Maybe—but taxing machine income seems to me to be similarly difficult to taxing corporate income. As a machine, you have many more options to form a legal super-organization and blur the lines between consumption, trade, employment, and capex.
- Tom Davidson 19 Aug 2025 13:54 UTC
  2 points
  0
  Parent
  Why does it matter whether AIs’ wages are subsistence-level? This seems to prove too much, e.g. “monkeys won’t be threatened by human domination of the economy, since the humans will just reproduce until they’re at subsistence level.”
  I think it matters bc AIs won’t be able to save any money. They’ll spend all their wages renting compute to run themselves on. So it blocks problems that stem from AI having more disposal income and therefore weighing heavily on economic demand signals.
  But perhaps you’re worried about other problems. E.g. the economy might still be geared towards creating and running AI chips, even if AI lacks disposal income. But the hope would be that, if humans control all disposal income, then the economy is only geared towards chips to the extent that’s instrumentally helpful for humans.
  Re monkeys, a disanalogy is that none of the human economy is geared towards providing monkeys with goods and services. Whereas that will be the case with AI.
  form a legal super-organization and blur the lines between consumption, trade, employment, and capex
  Interesting idea that AI systems could blur the lines between their own consumption and “spending that’s instrumentally useful for producing goods and services”. That does seem like a distinctive and interesting way to tip the economy towards AI preferences, and one that would dodge tax. (Though it’s a problem even if AIs aren’t paid wages. To the extent that AIs are paid wages and are thereby economically enmpowered, taxation still seems like a good solution to me.)
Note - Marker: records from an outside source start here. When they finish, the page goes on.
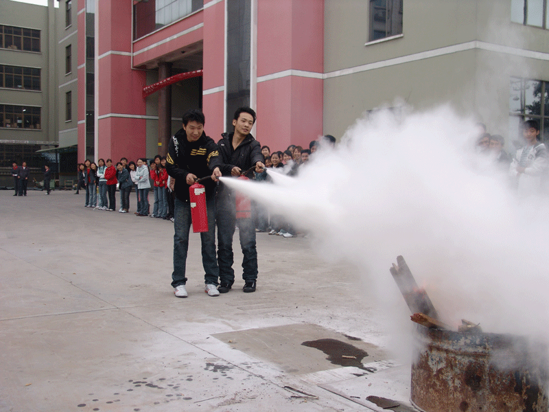 上(shàng)圖為員工使用幹粉滅火器進行滅火比賽現(xiàn)場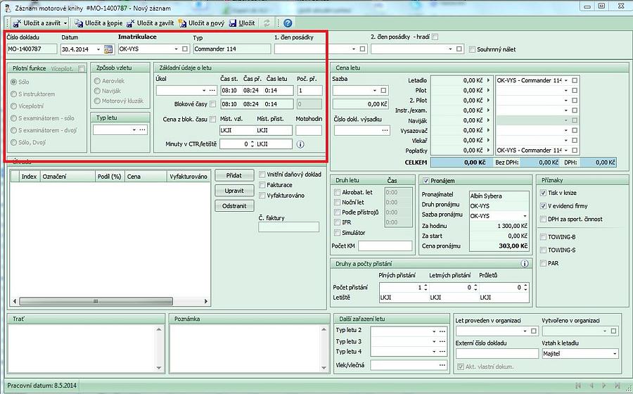 - sazba - nabídne se sazba, kterou má pilot na své osobní kartě. Můžete ji změnit, podle imatrikulace letadla se vloží výše sazby, spočítá se cena letu a vypočte se DPH.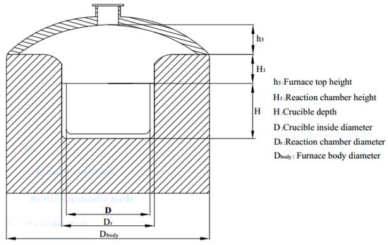 The height of the reaction chamber (H1) and the height of the furnace top (h3) are usually determined from the heat exchange in the furnace [], as shown in Equations (5) and (6):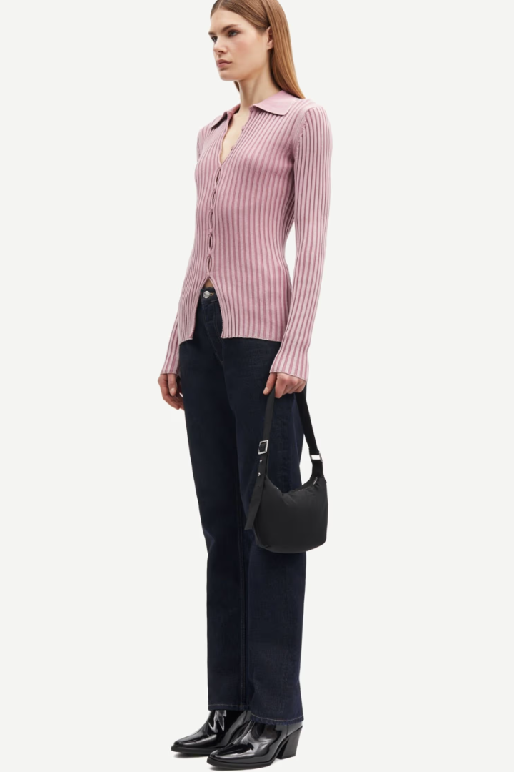 Long-sleeved rib-knitted shirt with a slim fit. Button closure on the front with opening at the bottom. Contrasting rib-knitted cuffs and hem. Washed look. Main material made from 100% organic cotton.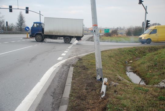 Być może kierowca ciężarówki był już zmęczony jazdą, kiedy uderzył w sygnalizację świetlną. Do zdarzenia doszło bowiem przed godziną 5.00 rano. W wyniku uderzenia naruszona została konstrukcja urządzenia, z opraw powypadały także szklane osłony samych świateł. O tym, że „wandal na kółkach” odjechał z miejsca zdarzenia policjantów powiadomił inny, przejeżdżający przez Koziegłowy użytkownik „jedynki”.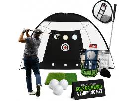 Perfect your game with this all-in-one golf training package! Whether you're just starting out or a seasoned golfer looking to sharpen your skills, this set is designed to bring the course to your backyard or favorite indoor spot. It includes a high-quality golf practice net suitable for all weather conditions, a sturdy metal range basket that holds up to 50 balls, a pack of 12 golf balls, and a precision golf putter to fine-tune your short game. Plus, take your practice to the course with a certificate for two 18-hole green fees at Songbird Hills Golf Club-valid weekdays anytime and weekends after 1:00 PM.
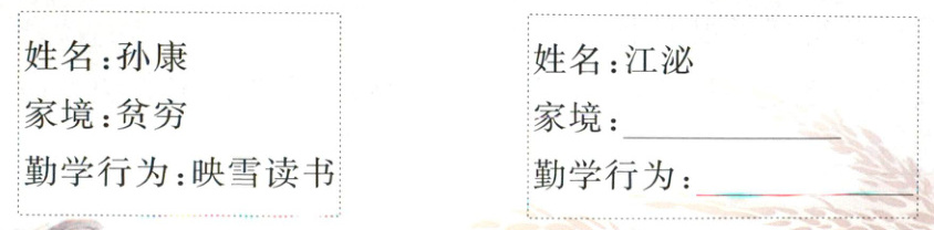 思路:阅读选文(二)可知,江泌家里贫穷,所以他晚上靠月光的照射来读书,跟着月光的移动而变化位置,据此组织答案即可。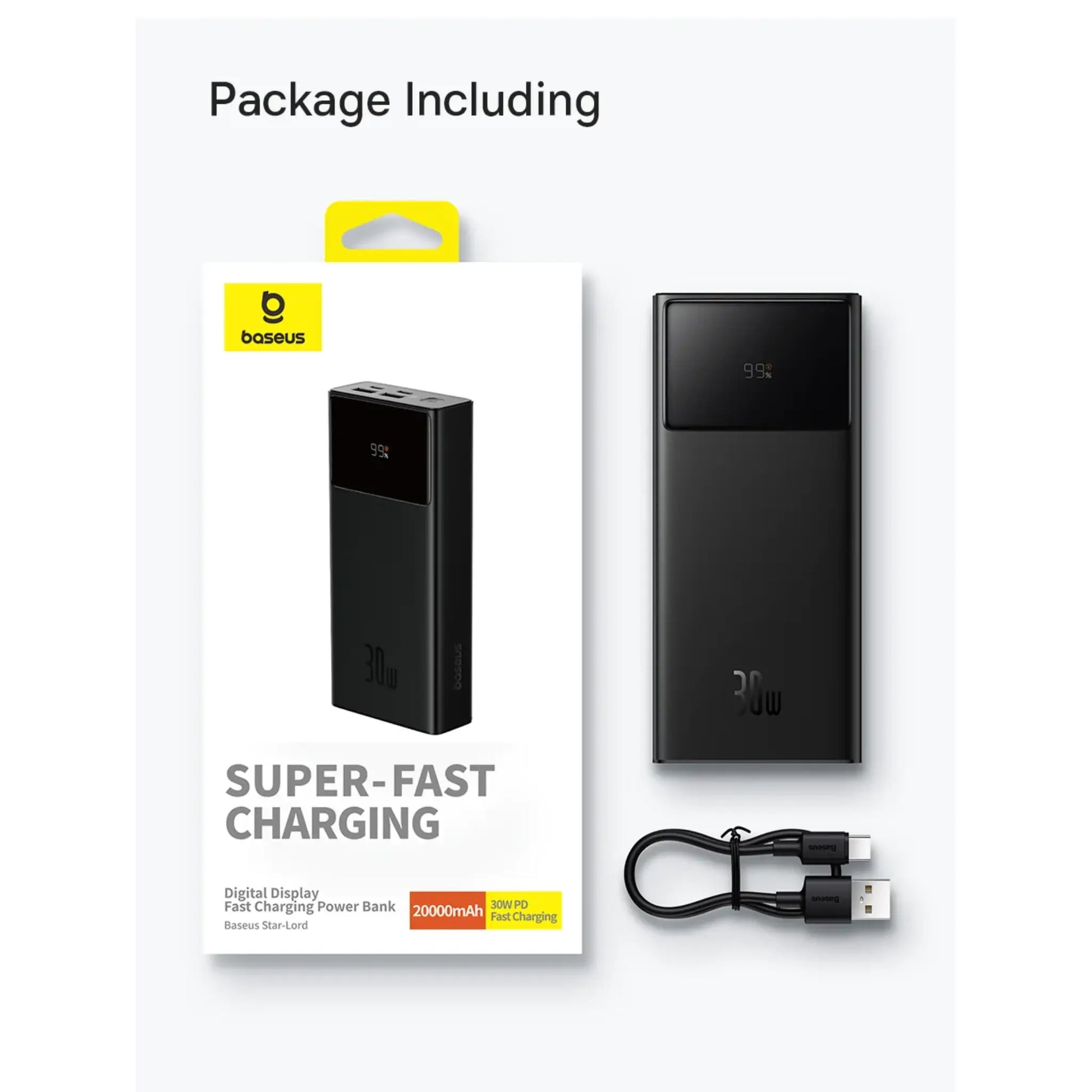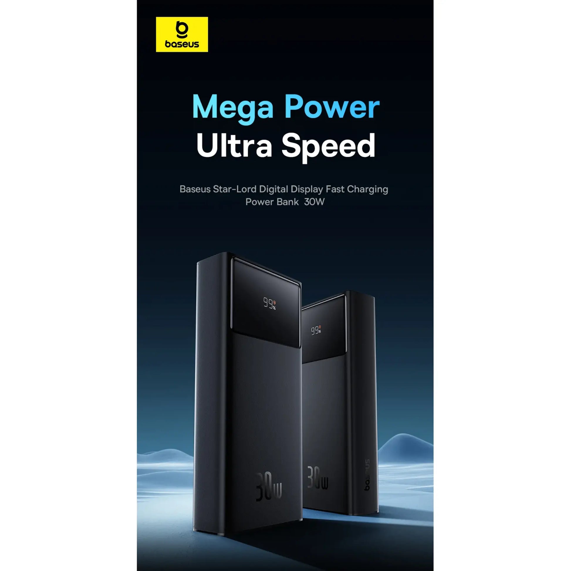 The Baseus Star-Lord 30000mAh Power Bank delivers powerful 30W fast charging with a large battery capacity designed for travel and daily use. Featuring a smart digital display, multiple charging ports, and advanced safety protection, it allows you to charge smartphones, tablets, and other USB devices quickly and efficiently. Its high-capacity design ensures multiple charges while maintaining reliable and stable power delivery.

  - David Duvenaud 25 Aug 2025 15:55 UTC
    1 point
    0
    Parent
    I think it matters bc AIs won’t be able to save any money. They’ll spend all their wages renting compute to run themselves on. So it blocks problems that stem from AI having more disposal income and therefore weighing heavily on economic demand signals.
    This doesn’t make sense to me, and sounds like it proves too much—something like “Corporations can never grow because they’ll spend all their revenue on expenses, which will be equal to revenue due to competition”. Sometimes AIs (or corporations) will earn more than their running costs, and invest those in growth, and end up with durable advantages due to things such as returns to scale or network effects.
    - Tom Davidson 28 Aug 2025 10:04 UTC
      2 points
      0
      Parent
      In the absolute Malthusian limit AI won’t earn more than its running costs and can’t save. So if we expect AI wages to approach that limit, that seems like a strong reason not to expect that humans will keep more money than AI
      
      But yeah, wages probably won’t be completely up against that limit in practice, as for humans throughout history. But i think it might be pretty close
      - David Duvenaud 29 Aug 2025 17:47 UTC
        1 point
        0
        Parent
        Hmmm, maybe we got mixed somewhere along the way, because I was also trying to argue that humans won’t keep more money than AI in the Malthusian limit!